Okay I am sure that this has been posted before but.... I think if you have been issued a Concealed Carry License in your state that you need to know the law thoroughly.  Hopefully you received training both technical and legal when you went through the process.  However you should freshen up from time to time either looking through your papers issued during the process or checking out an online resource.

One resource is: USA Carry 

Another: HandGunLaw

Another for my state of Nevada is here: NV Concealed Carry

I would also add that you should contact your lawyer just to double check and make sure you understand the law thoroughly!   (you can never be to careful)


----------



## arnisador (Jul 10, 2013)

Updated for Illinois? Actually, when does that go into effect?


----------



## Brian R. VanCise (Jul 10, 2013)

Here is one update though I always believe in checking a couple of sources:

http://www.handgunlaw.us/states/illinois.pdf

Looks like they have to issue the first permit by April 5, 2014


----------



## Kurai (Jul 11, 2013)

I absolutely agree about knowing the laws very well if you are licensed for concealed carry.  As well as knowing what states are reciprocal and their laws, and proper transport for states you travel to that are not reciprocal.


----------



## Brian R. VanCise (Jul 11, 2013)

It is also important to check with several sources as well as a lawyer.  I cannot stress the several sources and a lawyer thing enough!

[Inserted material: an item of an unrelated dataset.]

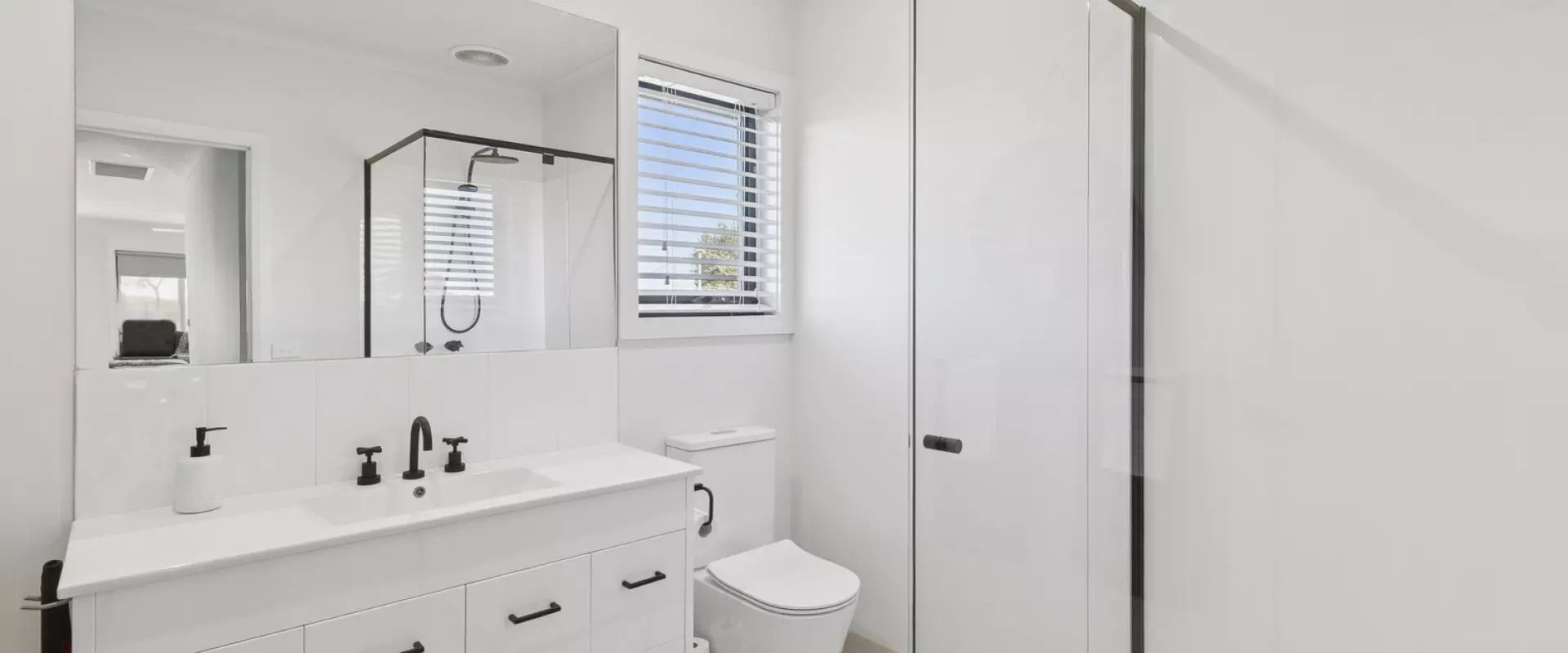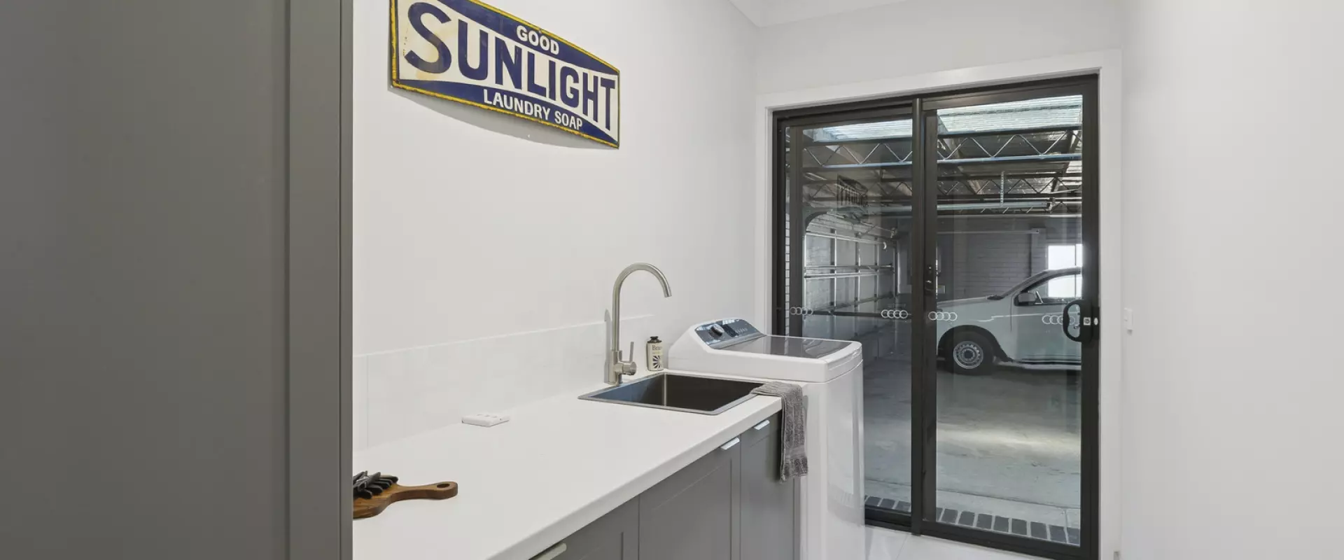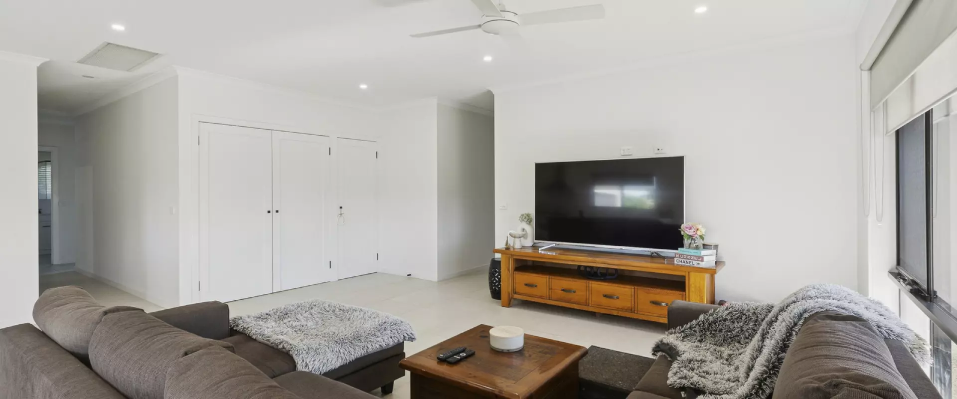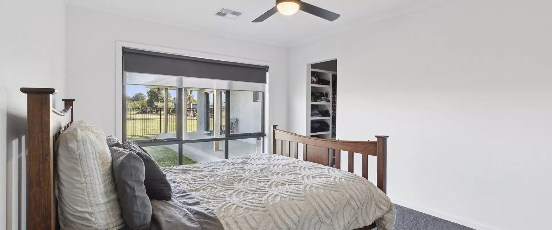 Additional highlights include a sleek main bathroom with shower and toilet, a modern laundry with built-in cabinetry and stainless-steel trough, and refrigerated AC and double glazed windows throughout the home for year-round comfort, while the solar panels further help keep costs down.

I will show you an example of why you should check several sources:

*Nevada Knife Law example:*

Knife-Expert website Nevada:
http://knife-expert.com/nv.txt

HandGunLaw website: Nevada
http://www.handgunlaw.us/documents/USKnife2.pdf

Nevada Concealed Carry Knives website:
http://www.nvconcealedcarry.com/knives.html#.Ud8qgYzTnIV

The first website is pretty short.  The second shows some more information and you can see blade length, etc.  Finally the last website is more in depth.  This last one jives with how a lawyer explained it to me.  Asking an LEO is also a good idea and can be used in conjunction with multiple sources and most importantly checking with a lawyer on the subject.  Gun laws can also be just as confusing and one website might make a mistake so you need to check the information you received in training regarding your states laws.  Available websites. (several of them)  Plus a lawyer versed in this area of the law!  Be informed and be smart!!!


----------



## rlobrecht (Jul 12, 2013)

Good advice. So is having a lawyer who knows who you are if you actually carry a concealed handgun. 

In Texas, almost all of the refresher course is on the law. The initial course is longer. And I don't remember what else they cover. 

Rick


----------